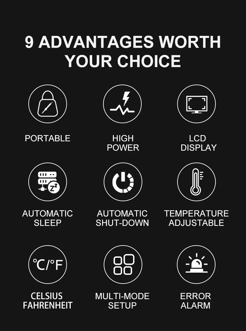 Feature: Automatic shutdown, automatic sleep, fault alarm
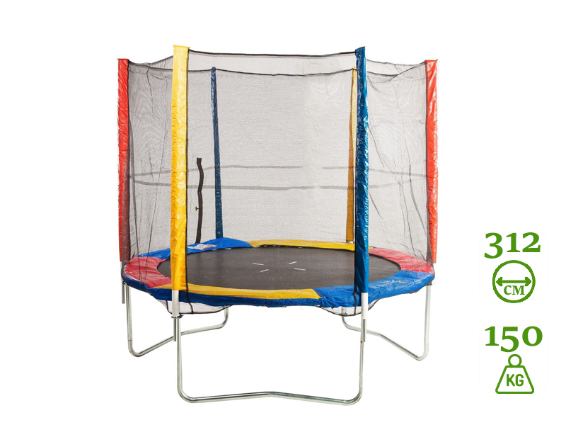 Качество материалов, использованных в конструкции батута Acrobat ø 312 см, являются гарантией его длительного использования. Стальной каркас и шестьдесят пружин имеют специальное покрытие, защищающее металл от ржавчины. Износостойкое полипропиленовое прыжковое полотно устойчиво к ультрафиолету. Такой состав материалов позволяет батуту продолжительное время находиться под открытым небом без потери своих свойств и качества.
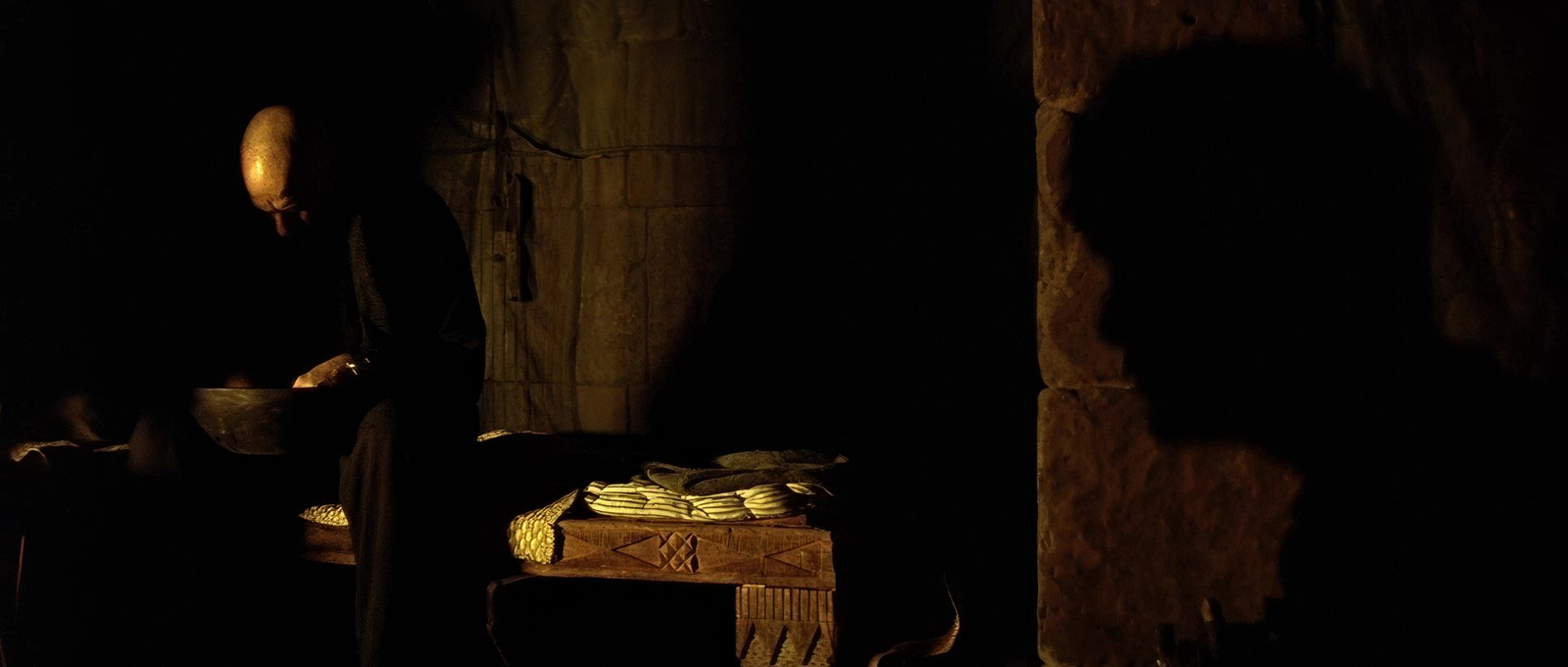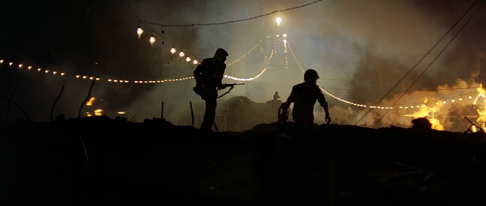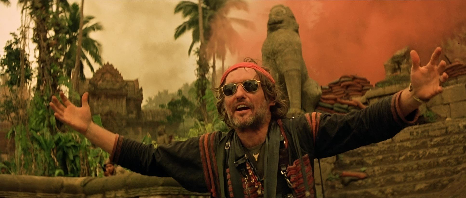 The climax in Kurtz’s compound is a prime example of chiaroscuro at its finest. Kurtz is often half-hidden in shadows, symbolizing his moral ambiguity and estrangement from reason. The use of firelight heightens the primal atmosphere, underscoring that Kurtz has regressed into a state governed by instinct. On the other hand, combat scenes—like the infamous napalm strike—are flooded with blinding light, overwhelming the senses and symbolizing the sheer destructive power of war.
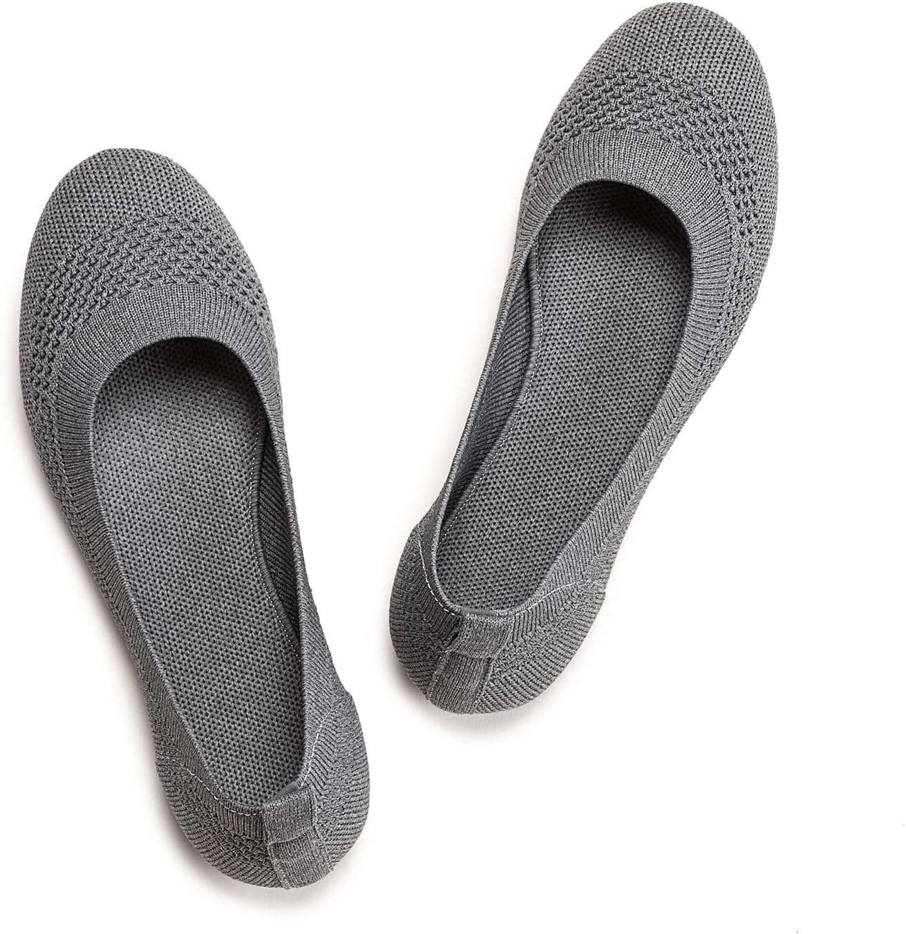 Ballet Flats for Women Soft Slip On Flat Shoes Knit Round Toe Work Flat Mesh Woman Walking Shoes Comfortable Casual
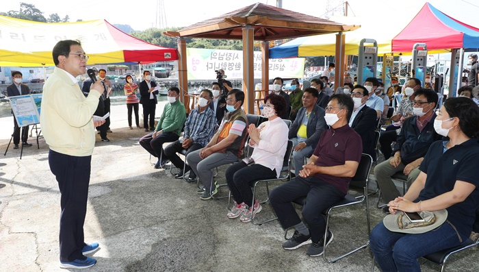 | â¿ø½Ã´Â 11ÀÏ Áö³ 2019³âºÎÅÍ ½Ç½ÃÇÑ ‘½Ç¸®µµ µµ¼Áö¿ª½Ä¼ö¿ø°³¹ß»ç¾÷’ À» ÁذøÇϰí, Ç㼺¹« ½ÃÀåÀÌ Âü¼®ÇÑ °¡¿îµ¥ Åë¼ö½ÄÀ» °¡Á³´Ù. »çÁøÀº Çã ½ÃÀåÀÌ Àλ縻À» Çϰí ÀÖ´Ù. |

§ What you should do
Set down every entry above again exactly, dropping each picture.

§ Response area
 Feature: Automatic shutdown, automatic sleep, fault alarm
 Качество материалов, использованных в конструкции батута Acrobat ø 312 см, являются гарантией его длительного использования. Стальной каркас и шестьдесят пружин имеют специальное покрытие, защищающее металл от ржавчины. Износостойкое полипропиленовое прыжковое полотно устойчиво к ультрафиолету. Такой состав материалов позволяет батуту продолжительное время находиться под открытым небом без потери своих свойств и качества.
 The climax in Kurtz’s compound is a prime example of chiaroscuro at its finest. Kurtz is often half-hidden in shadows, symbolizing his moral ambiguity and estrangement from reason. The use of firelight heightens the primal atmosphere, underscoring that Kurtz has regressed into a state governed by instinct. On the other hand, combat scenes—like the infamous napalm strike—are flooded with blinding light, overwhelming the senses and symbolizing the sheer destructive power of war.
 Ballet Flats for Women Soft Slip On Flat Shoes Knit Round Toe Work Flat Mesh Woman Walking Shoes Comfortable Casual
 | â¿ø½Ã´Â 11ÀÏ Áö³ 2019³âºÎÅÍ ½Ç½ÃÇÑ ‘½Ç¸®µµ µµ¼Áö¿ª½Ä¼ö¿ø°³¹ß»ç¾÷’ À» ÁذøÇϰí, Ç㼺¹« ½ÃÀåÀÌ Âü¼®ÇÑ °¡¿îµ¥ Åë¼ö½ÄÀ» °¡Á³´Ù. »çÁøÀº Çã ½ÃÀåÀÌ Àλ縻À» Çϰí ÀÖ´Ù. |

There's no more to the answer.